As an alternative of looking for buried bugs, these dinos used their uniquely formed claws and spikes to select up, puncture and pilfer eggs, greedy them tightly earlier than sprinting off, Lopatin and his colleagues argue.

Egg-snatching dinosaurs will not be a novel idea to paleontology. Oviraptor, one other Gobi Desert dinosaur whose title interprets to “egg thief,” was initially thought to subsist on a weight loss plan of filched eggs. It was discovered alongside a number of egg fragments, which paleontologists initially interpreted as a remaining meal. Subsequent analysis decided these fragments probably got here from its personal brood, upending the unique speculation.

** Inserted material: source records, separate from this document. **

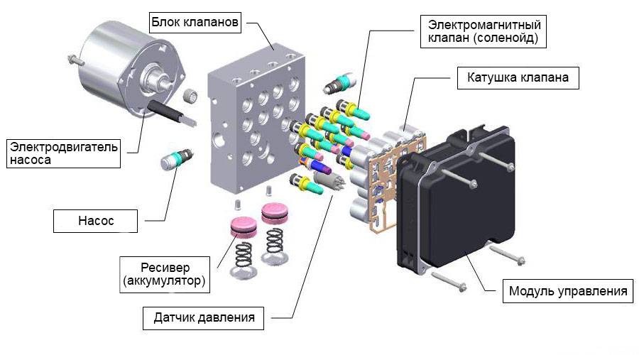 Устройство антиблокировочной системы состоит из трех основных составных элементов: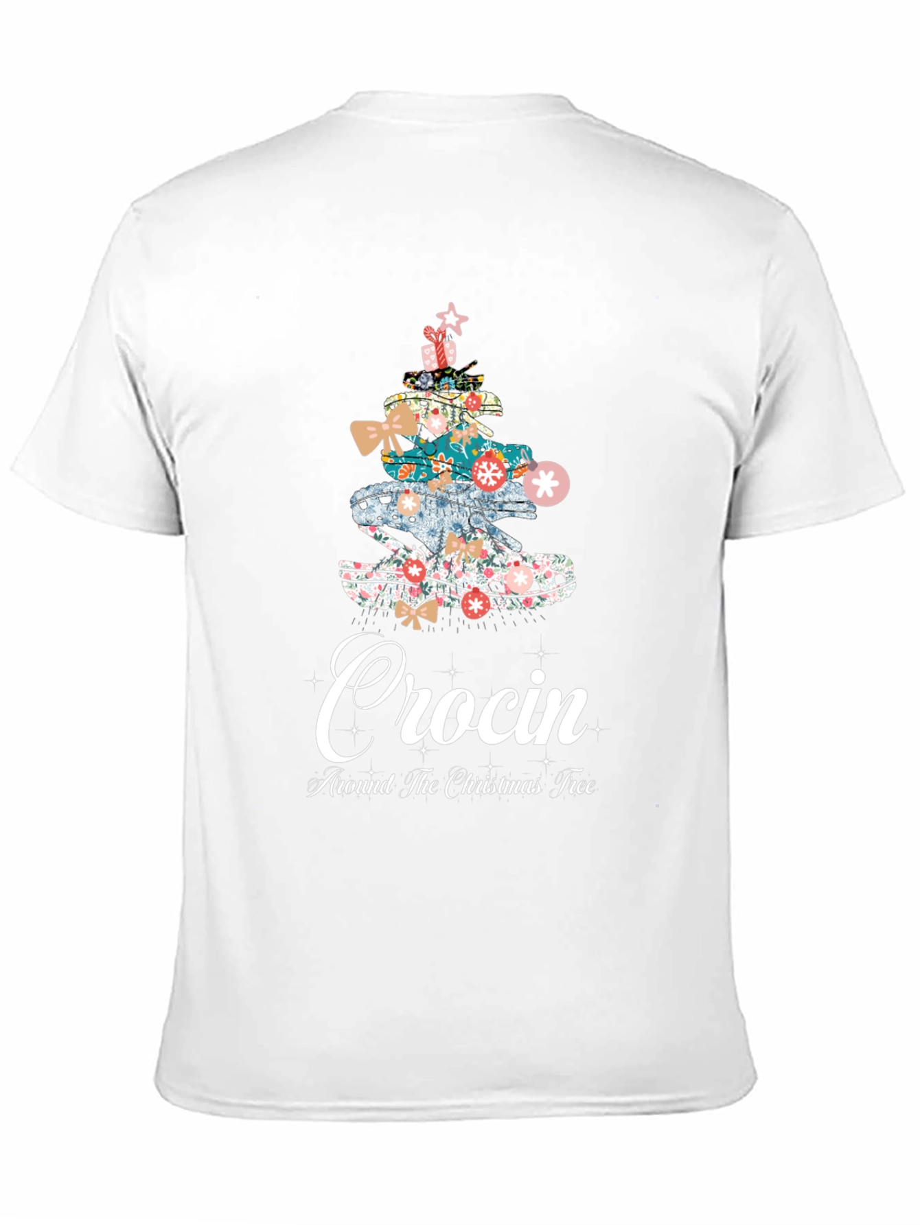 Celebrate the holidays with this unique and festive black t-shirt. The design features a playful Christmas tree made up of stacked Croc-like shoes, decorated with ornaments, bows, and topped with a star and gifts. The phrase "Crocin' Around The Christmas Tree" is playfully printed below, adding a touch of humor to the holiday season. This shirt is perfect for casual gatherings, Christmas parties, or simply spreading holiday cheer. It's a fun and comfortable way to show off your love for Crocs and the festive spirit of Christmas. A great conversation starter and a quirky addition to your holiday wardrobe!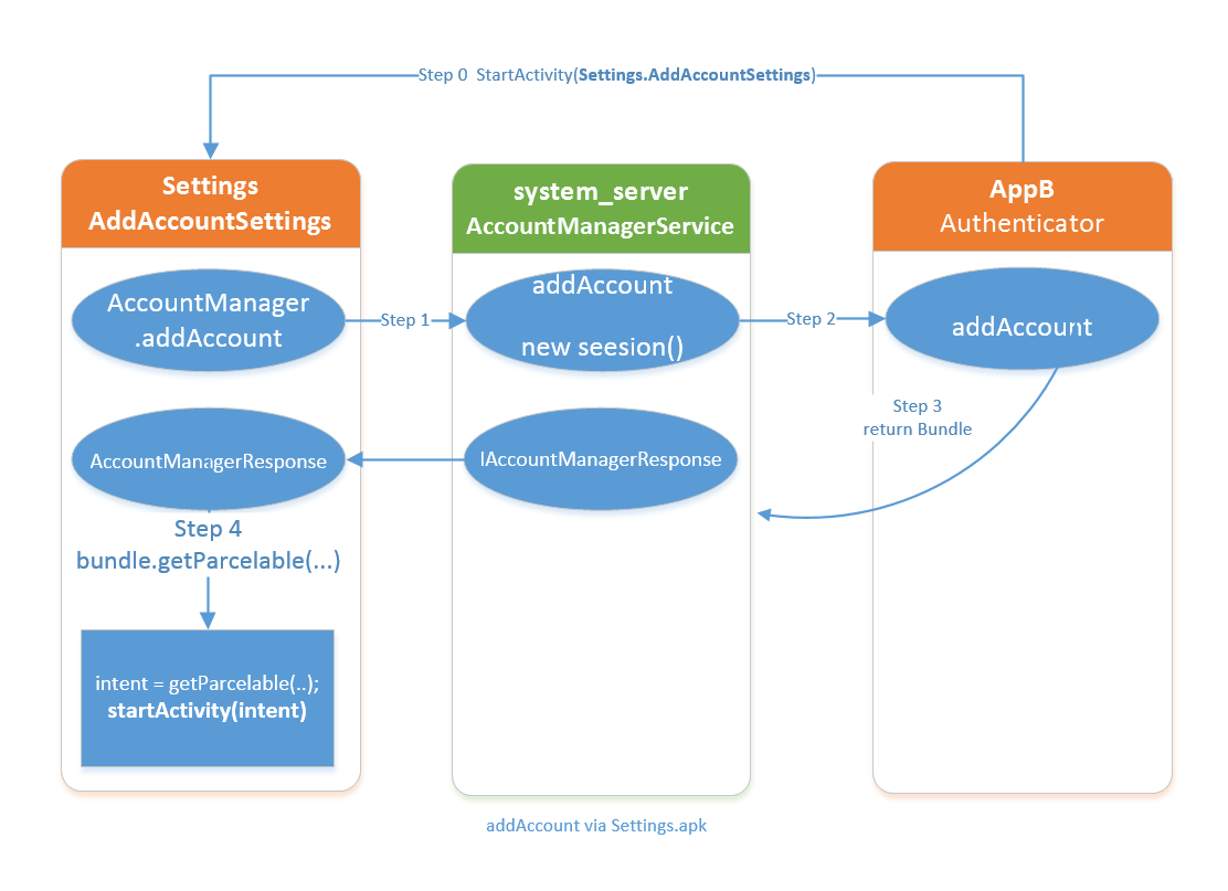通过补丁[2]可以看到漏洞发生在src/com/android/settings/accounts/AddAccountSettings.java 的 addAccount 函数中。这回这个漏洞出现在Settings添加账户的时候。使用AccountManager添加账户的流程如下图: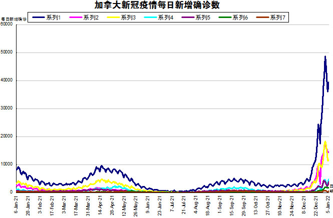 随着Omicron在加拿大在社区内传播,“第五波”疫情在加拿大彻底大爆发。加国生活网小编专门统计了从2021年1月6日至2022年1月5日的五个省份的新增确诊数,并制作了如下曲线图,让大家能一目了然地了解加拿大新冠疫情的发展趋势。按新增确诊数由多至少的排列分别是:魁省新增14486、安省新增11582、艾省新增4752、BC省新增3798、曼省新增1787、新斯科舍省新增842(未在下图显示)、新不伦瑞克省新增779(未在下图显示)、纽芬兰与拉布拉多省新增479(未在下图显示)、萨省新增541。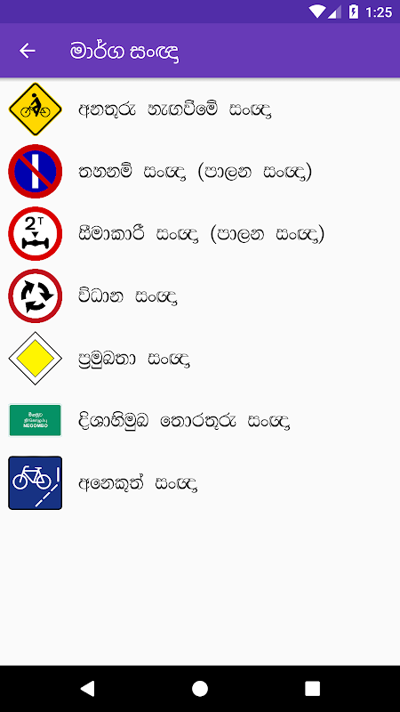 ✓ මාර්ග සංඥා පිළිබඳ විස්තර අන්තර්ගතය.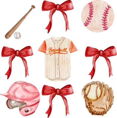 Watercolor Baseball & Red Bows DTF Transfer | Sports Mom Apparel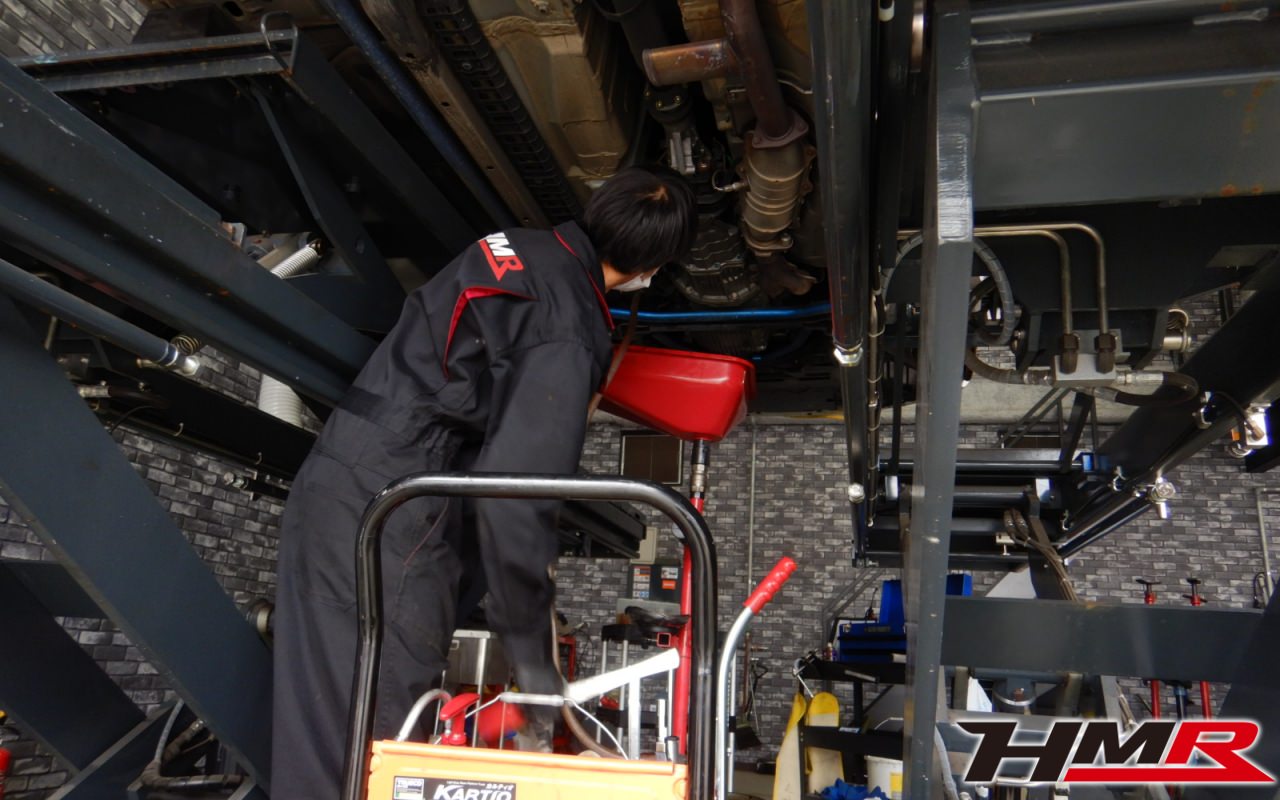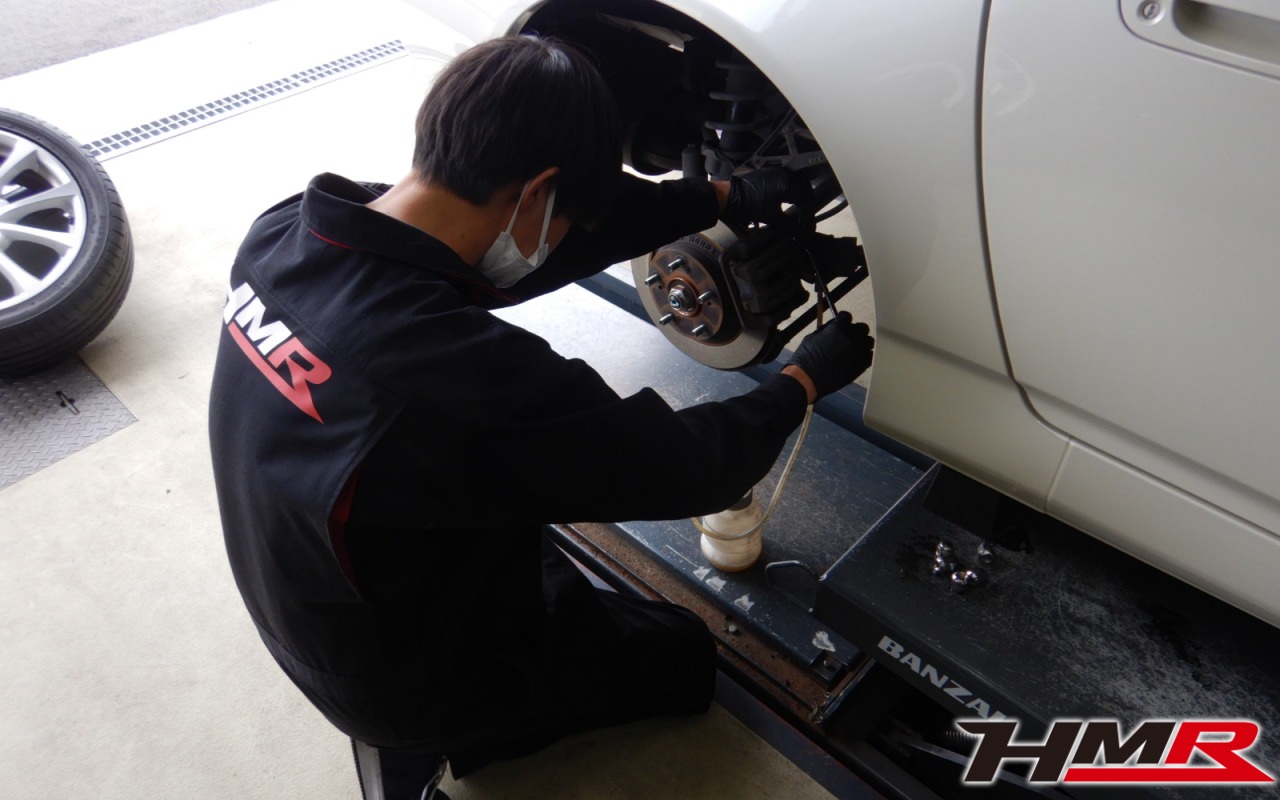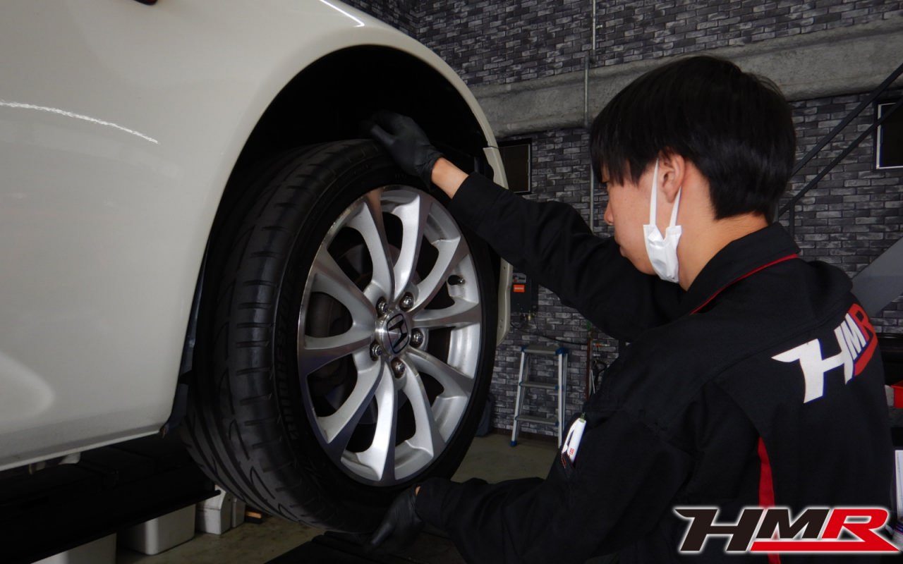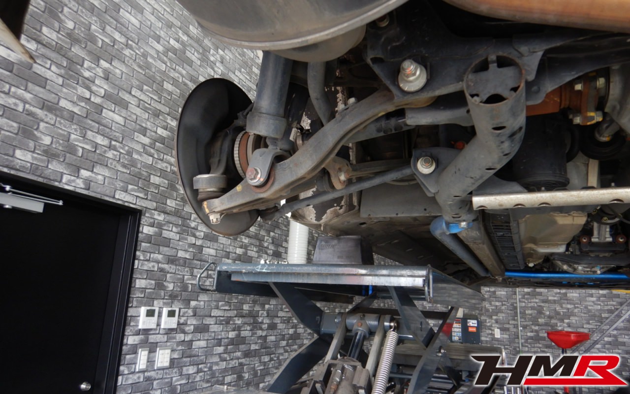 ハブベアリング・ボールジョイント、アーム・リンク類のガタ、ブッシュ・ブーツ類の劣化、エンジン・ミッション・デフからのオイル漏れと各マウント類、タイヤ溝の残量、空気圧の点検しました。

“Oviraptor didn’t eat eggs,” Lopatin says. Manipulonyx, then again, “had all of the variations to take action.”
In 2018, researchers in China even predicted {that a} totally different alvarezsaurid species might need eaten eggs, however compelling proof for the speculation was missing till now, says Lopatin.
Pittman says the egg-snatching speculation is “very fascinating” and price additional testing. Fowler agrees however isn’t but satisfied it’s a greater concept than digging for bugs. “I’m undecided if it’s terribly sensible to crush an egg in your arms after which put it down and eat it from the bottom, particularly contemplating that this household of dinosaurs was coated in feathers,” he says. A splash-and-dine meal of eggs would lead to messy plumage.